## Problem to work on
Your job is to print, exactly, the lines in the data below from the line with "Если в середине" through the line with "Applaus für Karl", both included, and to omit any picture.

(Records excerpted from a collection)
Segment Open

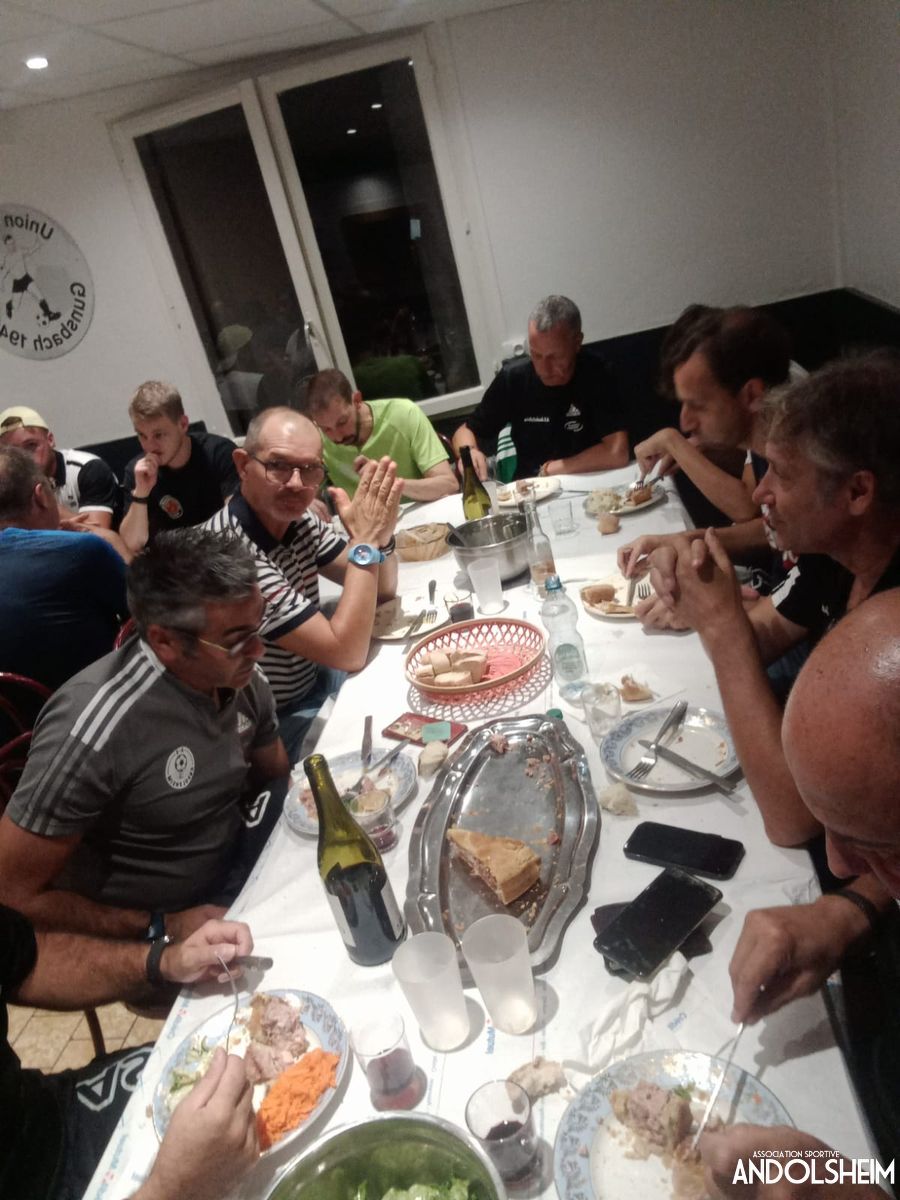 Score final sans appel de 7 à 0 avec aussi un manque de lumière à la nuit tombante qui de toute façon n’aurait pas fait inverser le résultat. Vous aurez compris, le terrain et l’éclairage ne sont que des prétextes moqueurs qui n’effacent en rien le mérite de US Gunsbach sur ce match. Merci encore pour l’accueil et bravo à eux ; et il faut aussi souligner que notre reprise autour d’une bière (même plusieurs) était tellement attendue que promis on fera mieux la prochaine fois sur l’aspect du résultat et du jeu. La force verte est toujours là et on sera toujours les meilleurs sur la 3ème mi-temps. Nous sommes comme l’informatique, une bonne mise à jour et on repartira de nouveau vers l’avant. À la semaine prochaine…
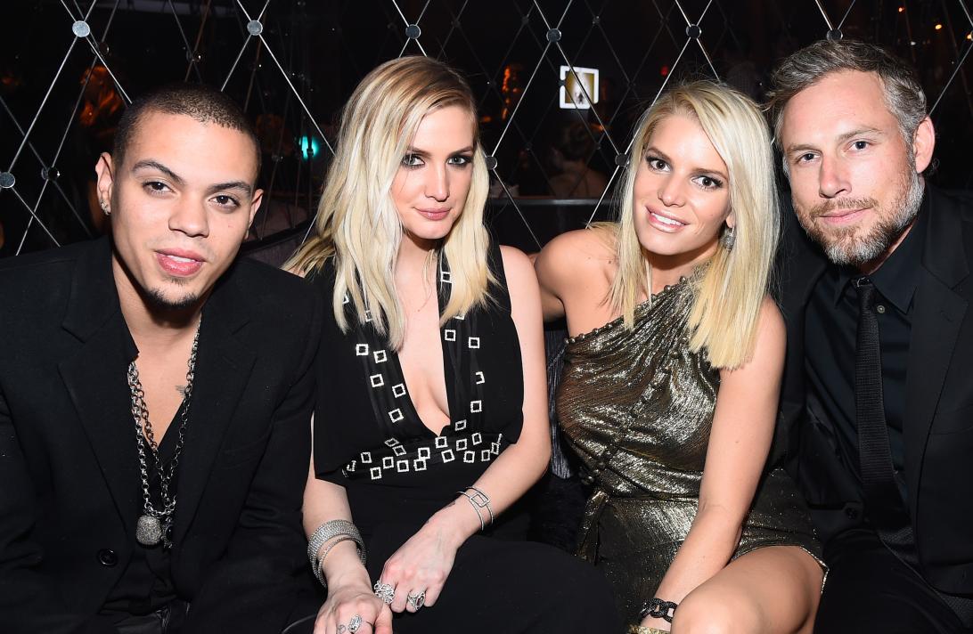 Эван Росс, Эшли Симпсон, Джессика Симпсон и Эрик Джонсон на премьере "Голодные игры: Сойка-пересмешница. Часть 1" в ноябре 2014 года
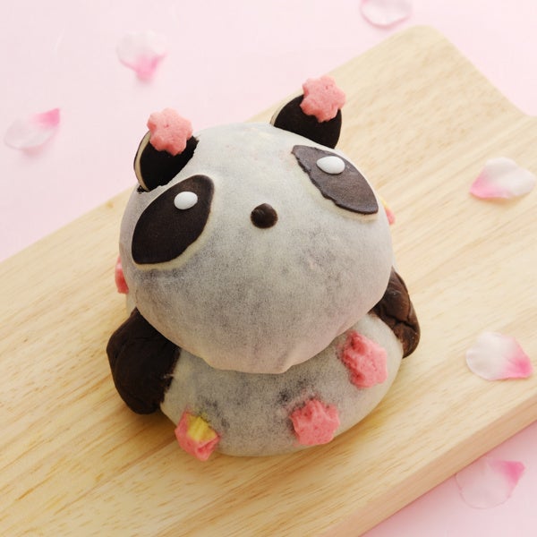 チョコレート風味の菓子パン生地でチョコクリームを包み、白と黒の生地を組み合わせて立体的に表現したパンダパンです。
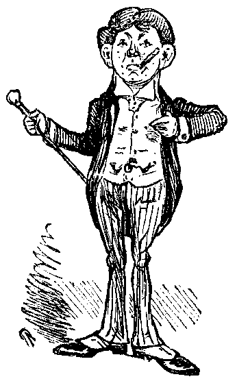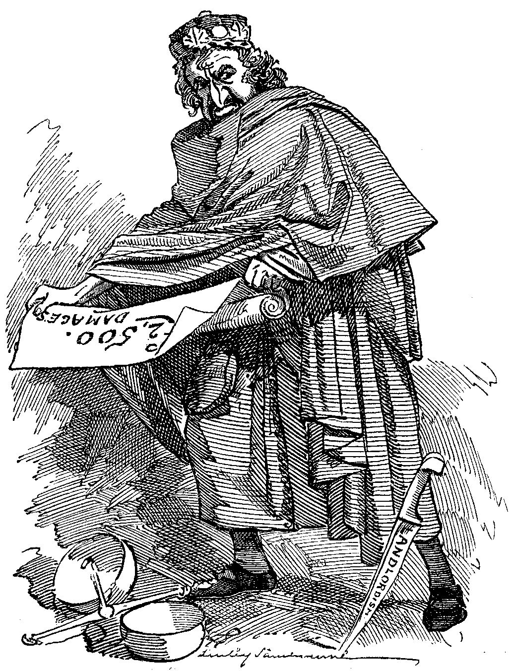 B. B. Well,—it's just as well you didn't say any more. (Goes up to Waiter, confidentially). That man down there was mos' insultin'—mos' insultin'. But, there, I'll give you the penny—there it is. (Presses that coin into Waiter's hand and closes his fingers over it.) Put it in your pocket, quick—say no more 'bout it, Goo' ni'. Only—remember (pausing on threshold à la Charles the First) if anyone wantsh row—(with recollection of Duke's motto)—I'm here! That 'sh all. (To G. B.) I shall say goo' ni' to you outside.
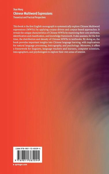 This book is the first English monograph to systematically explore Chinese Multiword expressions (MWEs) by applying corpus-driven and corpus-based approaches. It reveals the unique characteristics of Chinese MWEs by examining their core attributes, identification and classification, and knowledge framework. It also assesses, for the first time, the distribution and density of Chinese MWEs in textbooks. By doing so, the book provides important insights into Chinese language learning, with implications for natural language processing, lexicography, and psychology. Moreover, it offers a framework for linguists, language teachers and learners, computer scientists, lexicographers, and psychologists to explore their own areas of interest.
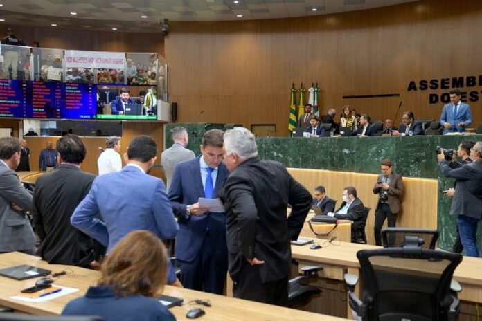 Durante a última semana, a Assembleia Legislativa de Goiás (Alego) realizou três sessões ordinárias deliberativas em plenário, marcadas por debates e votações. Os parlamentares se dedicaram a discutir temas diversos, como infraestrutura, inclusão, ética parlamentar, saúde pública e medidas fiscais, além de apreciarem projetos para o desenvolvimento do Estado. Em destaque, a aprovação, em primeira fase, de um empréstimo internacional de US$ 90 milhões junto ao Banco Interamericano de Desenvolvimento (BID). Ao todo, dos dias 27 a 29 de maio, foram deliberadas 39 matérias, das quais, 16 tiveram sua tramitação finalizada na Casa.
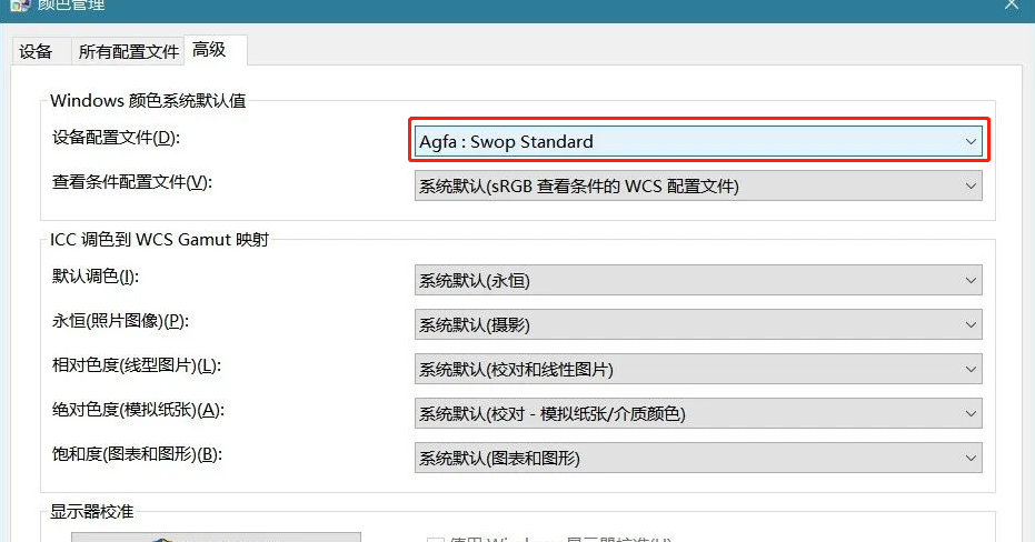 4.在高級(jí)標(biāo)簽中,點(diǎn)擊設(shè)備配置文件,選擇Agfa:Swop Sandard。
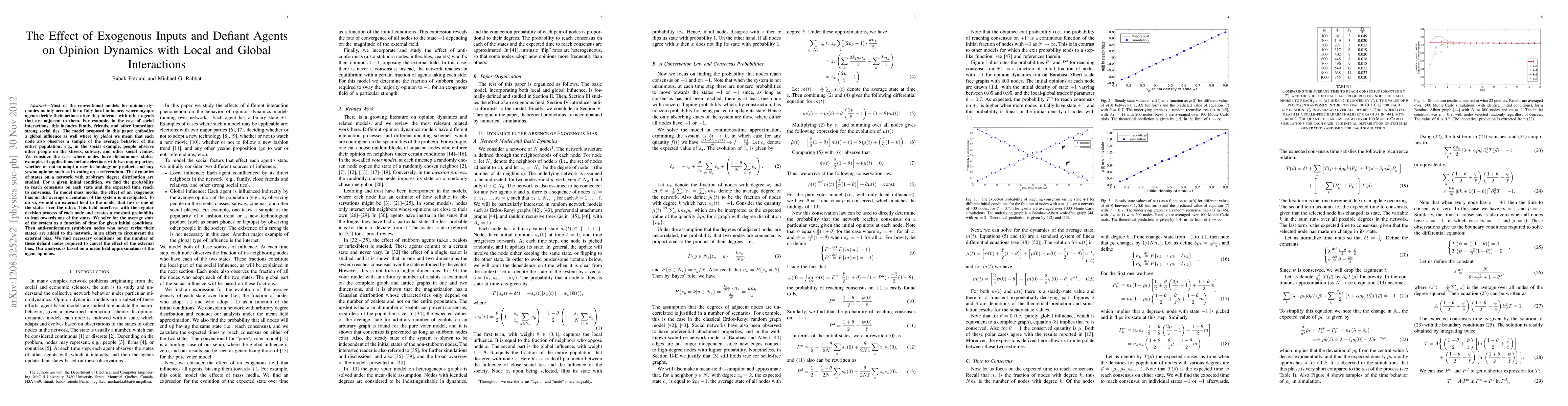Most of the conventional models for opinion dynamics mainly account for a fully local influence, where myopic agents decide their actions after they interact with other agents that are adjacent to them. For example, in the case of social interactions, this includes family, friends, and other strong social ties. The model proposed in this contribution, embodies a global influence as well where, by global, we mean that each node also observes a sample of the average behavior of the entire population (in the social example, people observe other people on the streets, subway, and other social venues). We consider a case where nodes have dichotomous states (examples include elections with two major parties, whether or not to adopt a new technology or product, and any yes/no opinion such as in voting on a referendum). The dynamics of states on a network with arbitrary degree distribution are studied. For a given initial condition, we find the probability to reach consensus on each state and the expected time reach to consensus. The effect of an exogenous bias on the average orientation of the system is investigated, to model mass media. To do so, we add an external field to the model that favors one of the states over the other. This field interferes with the regular decision process of each node and creates a constant probability to lean towards one of the states. We solve for the average state of the system as a function of time for given initial conditions. Then anti-conformists (stubborn nodes who never revise their states) are added to the network, in an effort to circumvent the external bias. We find necessary conditions on the number of these defiant nodes required to cancel the effect of the external bias. Our analysis is based on a mean field approximation of the agent opinions.
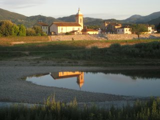 Il fiume Serchio mi appare vasto e movimentato da piccole cascate.
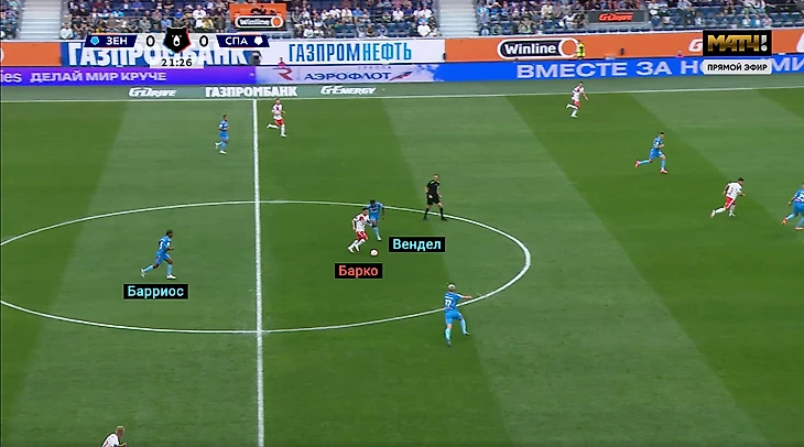 Если в середине всё стало надёжнее, то с правым флангом Семак явно не попал. Решение сразу показалось странным. Да, Эракович периодически выходил на фланге в прошлом сезоне, а сейчас явно не был готов Караваев (иначе он бы обязательно вышел в старте), но смещение Барриоса было более хорошим вариантом.
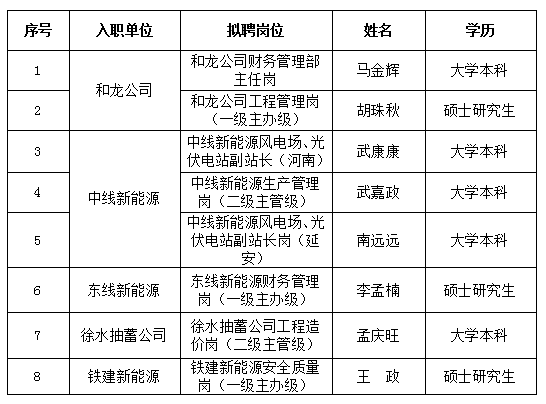 根据《中国南水北调集团新能源投资有限公司中层及职员社会招聘公告》,现将我公司第二批8个岗位拟聘人员予以公示。
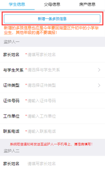 3.如果申请回户籍地的学生信息不止一个,可以点击“新增一条多孩信息”,新增的多孩信息也应是今年要回湖里区升初中的小学毕业生,其他年级不要添加。新增的学生需完整填写基本信息和受教育情况。特别提醒:华侨、外籍适龄儿童需要选择国籍。
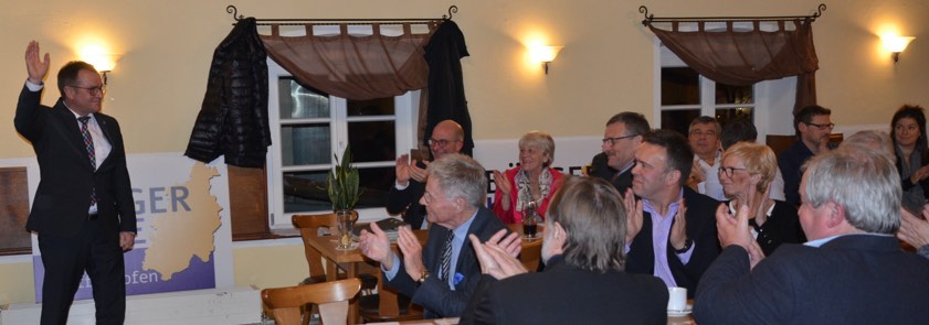 Applaus für Karl Huber (links), nach seiner eistimmigen Wahl zum Landrats-Kandidaten.
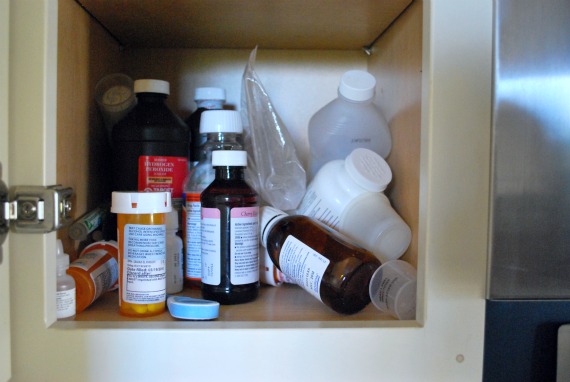 Most people use the medicine cabinet in the bathroom, but I grew up in a paranoid physician’s household. Instead of a box of band-aids and aspirin in a dark bathroom, we had an entire cabinet stocked with medicine, vitamins, rubbing alcohol, hydrogen peroxide, 4×4 gauze pads, bandages of all sizes, ointments, cold medication, emetics and anti-emetics, over-the-counter pain medication, heating pads, and rubber ice bags. We never did use more than 2% of the contents, but it was organized and waiting like an operating room.

Segment Closed

## Result
 Если в середине всё стало надёжнее, то с правым флангом Семак явно не попал. Решение сразу показалось странным. Да, Эракович периодически выходил на фланге в прошлом сезоне, а сейчас явно не был готов Караваев (иначе он бы обязательно вышел в старте), но смещение Барриоса было более хорошим вариантом.
 根据《中国南水北调集团新能源投资有限公司中层及职员社会招聘公告》,现将我公司第二批8个岗位拟聘人员予以公示。
 3.如果申请回户籍地的学生信息不止一个,可以点击“新增一条多孩信息”,新增的多孩信息也应是今年要回湖里区升初中的小学毕业生,其他年级不要添加。新增的学生需完整填写基本信息和受教育情况。特别提醒:华侨、外籍适龄儿童需要选择国籍。
 Applaus für Karl Huber (links), nach seiner eistimmigen Wahl zum Landrats-Kandidaten.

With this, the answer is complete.